As Casey mentioned on stream for newer instruction set AVX2 which is available starting with Intel Haswell CPU's there are gather instructions that can fetch memory from multiple locations with single instruction and store all results in one SSE/AVX register.
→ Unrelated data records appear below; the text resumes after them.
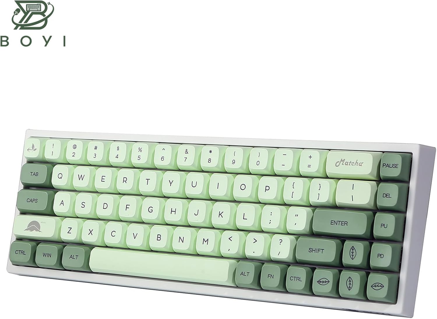 BOYI WK68 Matcha Green Mechanical Keyboard,65% Hot Swap Bluetooth 5.0/2.4G/Wired Type-C Tri-Mode RGB Gaming Keyboard,PBT Sublimation XDA Keycaps Wireless Keyboard for Mac/Win(Gateron Yellow Switch)
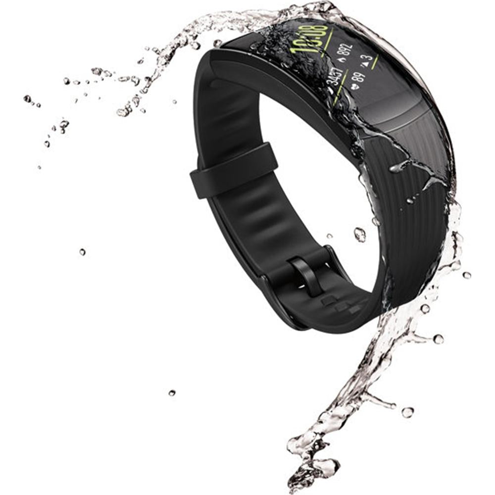 Jump in with your swim-ready Gear Fit2 Pro. Water-resistant up to fifty meters, now you can own the pool, run in the rain and recover in the shower with a device that withstands it all.
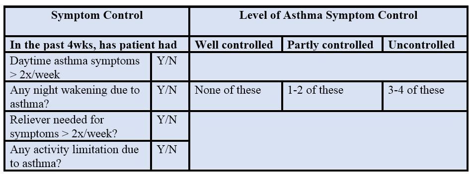 Let’s discuss asthma control first. Asthma symptom control refers to the patient’s current state on his or her present therapy. There are a number of questionnaires and guidelines that can help determine the level of control. The recommended one from the GINA guidelines is summarized in Table 2 above (please click to enlarge).
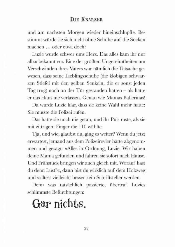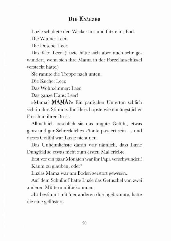 Es ist noch nicht lange her, dass sie ihren Vater verloren hat – dasselbe wird ihr nicht mit ihrer Mutter passieren! Lucy wird sie wiederfinden. Nichts kann sie aufhalten … Abgesehen vielleicht von den Knarzern.
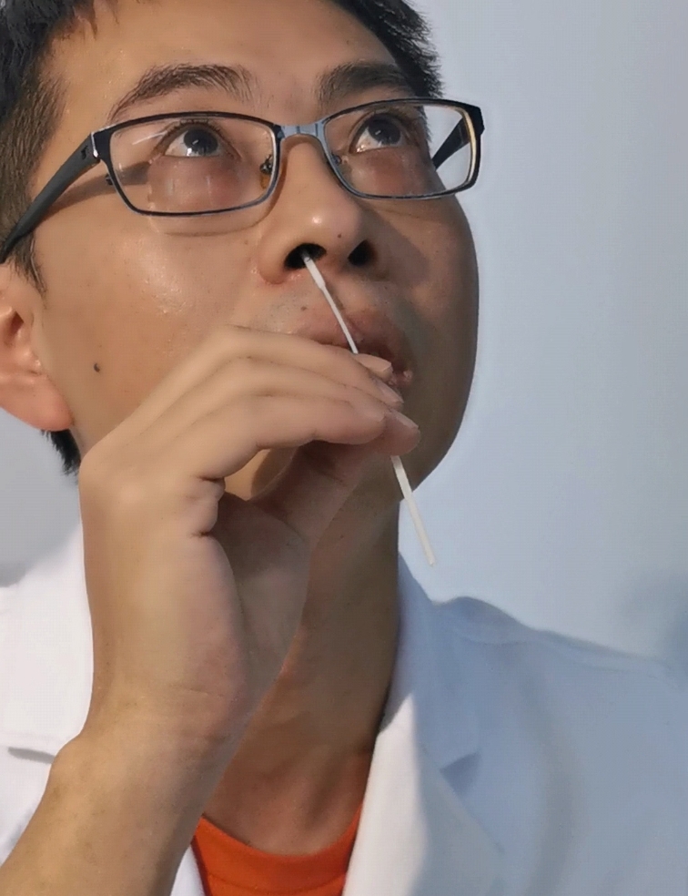 6.如有鼻涕,先擤鼻子,再微微仰头,把采样拭子放入鼻孔,慢慢推进至1.5厘米深左右,贴着鼻腔黏膜轻轻转动4圈,停留时间大于15秒(见下图);

This is exactly what this loop does (which is last one operating with 4 iterations):
1
2
3
4
5
6
7
8
9
10
11
12
13
14
15
16 | for(int I = 0;
I < 4;
++I)
{
int32 FetchX = Mi(FetchX_4x, I);
int32 FetchY = Mi(FetchY_4x, I);
Assert((FetchX >= 0) && (FetchX < Texture->Width));
Assert((FetchY >= 0) && (FetchY < Texture->Height));
uint8 *TexelPtr = ((uint8 *)Texture->Memory) + FetchY*Texture->Pitch + FetchX*sizeof(uint32);
Mi(SampleA, I) = *(uint32 *)(TexelPtr);
Mi(SampleB, I) = *(uint32 *)(TexelPtr + sizeof(uint32));
Mi(SampleC, I) = *(uint32 *)(TexelPtr + Texture->Pitch);
Mi(SampleD, I) = *(uint32 *)(TexelPtr + Texture->Pitch + sizeof(uint32));
}
|
You can replace this loop with following code:
| __m128i IndexA = _mm_add_epi32(_mm_mullo_epi32(FetchY_4x, Pitch_4x),
_mm_slli_epi32(FetchX_4x, 2));
__m128i IndexB = _mm_add_epi32(IndexA, Four_4x);
__m128i IndexC = _mm_add_epi32(IndexA, Pitch_4x);
__m128i IndexD = _mm_add_epi32(IndexC, Four_4x);
SampleA = _mm_i32gather_epi32((int*)Texture->Memory, IndexA, 1);
SampleB = _mm_i32gather_epi32((int*)Texture->Memory, IndexB, 1);
SampleC = _mm_i32gather_epi32((int*)Texture->Memory, IndexC, 1);
SampleD = _mm_i32gather_epi32((int*)Texture->Memory, IndexD, 1);
|
Then there will be no inner for loop at all with 4 iterations.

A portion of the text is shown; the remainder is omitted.